About this exercise>
From the line below that contains "λευκό σατέν μίνι" to the line that contains "Unser umfassendes Set", repeat every line exactly, both ends included, and nothing else.

Provided material>
┌────────

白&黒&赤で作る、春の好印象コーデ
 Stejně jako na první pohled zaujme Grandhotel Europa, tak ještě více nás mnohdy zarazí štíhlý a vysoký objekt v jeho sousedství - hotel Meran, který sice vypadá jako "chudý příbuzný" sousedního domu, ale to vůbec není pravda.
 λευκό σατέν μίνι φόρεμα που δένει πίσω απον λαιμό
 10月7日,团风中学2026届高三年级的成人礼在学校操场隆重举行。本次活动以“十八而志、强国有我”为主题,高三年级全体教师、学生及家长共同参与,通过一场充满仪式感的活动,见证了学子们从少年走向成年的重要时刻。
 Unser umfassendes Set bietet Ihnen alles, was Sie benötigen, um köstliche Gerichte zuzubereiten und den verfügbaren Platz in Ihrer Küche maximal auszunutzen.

└────────
┌────────

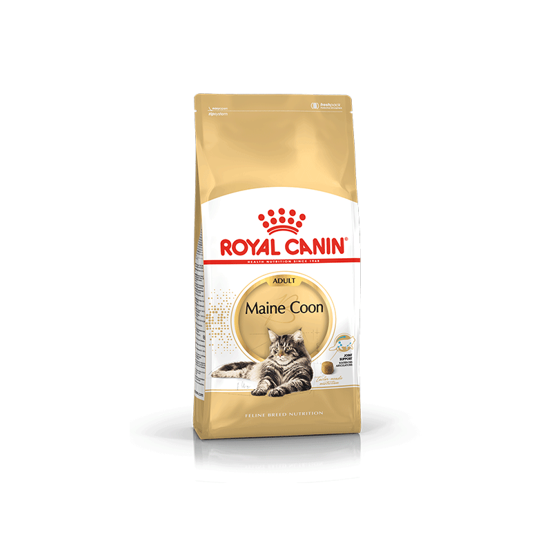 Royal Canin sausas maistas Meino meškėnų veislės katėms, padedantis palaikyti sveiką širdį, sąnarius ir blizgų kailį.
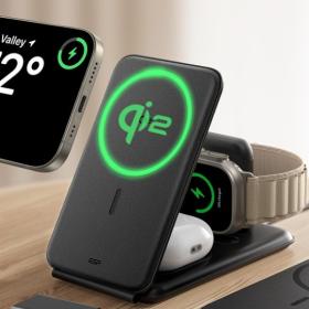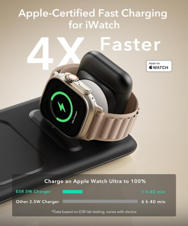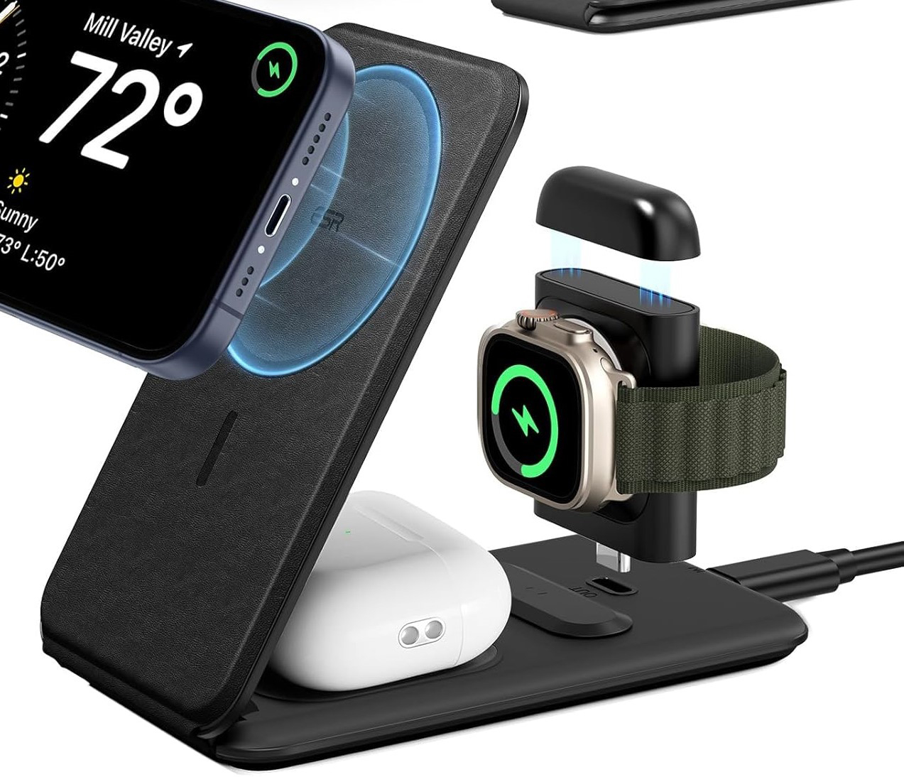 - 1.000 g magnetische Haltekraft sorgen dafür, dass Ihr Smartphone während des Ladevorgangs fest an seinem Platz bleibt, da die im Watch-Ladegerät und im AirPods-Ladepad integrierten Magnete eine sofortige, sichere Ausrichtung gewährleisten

└────────

Task result>
 λευκό σατέν μίνι φόρεμα που δένει πίσω απον λαιμό
 10月7日,团风中学2026届高三年级的成人礼在学校操场隆重举行。本次活动以“十八而志、强国有我”为主题,高三年级全体教师、学生及家长共同参与,通过一场充满仪式感的活动,见证了学子们从少年走向成年的重要时刻。
 Unser umfassendes Set bietet Ihnen alles, was Sie benötigen, um köstliche Gerichte zuzubereiten und den verfügbaren Platz in Ihrer Küche maximal auszunutzen.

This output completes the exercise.